**Task to carry out**
Your copy should match the listing below word for word, with no images in it.

(Data extract)

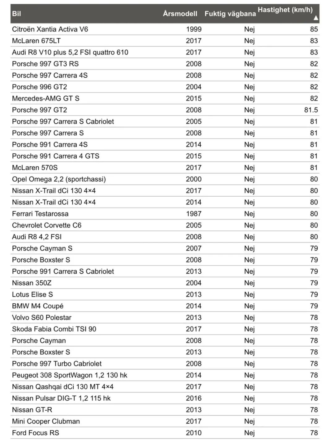 一直以来,在每每提到麋鹿测试,都会有“法系粉”跳出来说,PSA的车操控都很强,因为法系车的麋鹿成绩特别出色。当然,他们这样说自然是有依据的,因为在Teknikens Varld杂志的排行榜当中,排在第一的正是来自雪铁龙的Xantia Activa V6这款车,它的成绩甚至要比超跑迈凯伦675LT还要高。
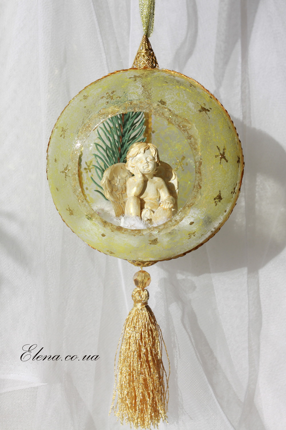 Новорічна прикраса "Куля з янголом"
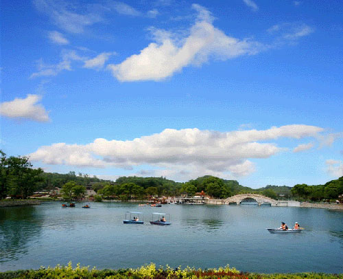君山又是一個(gè)秀麗的綠洲,島上的草木自古就很聞名?,F(xiàn)在每逢初春漲水之前,湖灘上綠草綿綿,野花斑斕,頗具草原風(fēng)味;一到夏天水漲,葦葉青青,水鳥出沒,又是一派蘆蕩景象。君山有各種各樣的樹,多達(dá)200余種,各種花卉,四時(shí)怒放,真是青碧連云,香飄全島。叢綠之中,尤以竹林、茶園最富特色。

(End Data extract)

**Solution to the problem**
 一直以来,在每每提到麋鹿测试,都会有“法系粉”跳出来说,PSA的车操控都很强,因为法系车的麋鹿成绩特别出色。当然,他们这样说自然是有依据的,因为在Teknikens Varld杂志的排行榜当中,排在第一的正是来自雪铁龙的Xantia Activa V6这款车,它的成绩甚至要比超跑迈凯伦675LT还要高。
 Новорічна прикраса "Куля з янголом"
君山又是一個(gè)秀麗的綠洲,島上的草木自古就很聞名?,F(xiàn)在每逢初春漲水之前,湖灘上綠草綿綿,野花斑斕,頗具草原風(fēng)味;一到夏天水漲,葦葉青青,水鳥出沒,又是一派蘆蕩景象。君山有各種各樣的樹,多達(dá)200余種,各種花卉,四時(shí)怒放,真是青碧連云,香飄全島。叢綠之中,尤以竹林、茶園最富特色。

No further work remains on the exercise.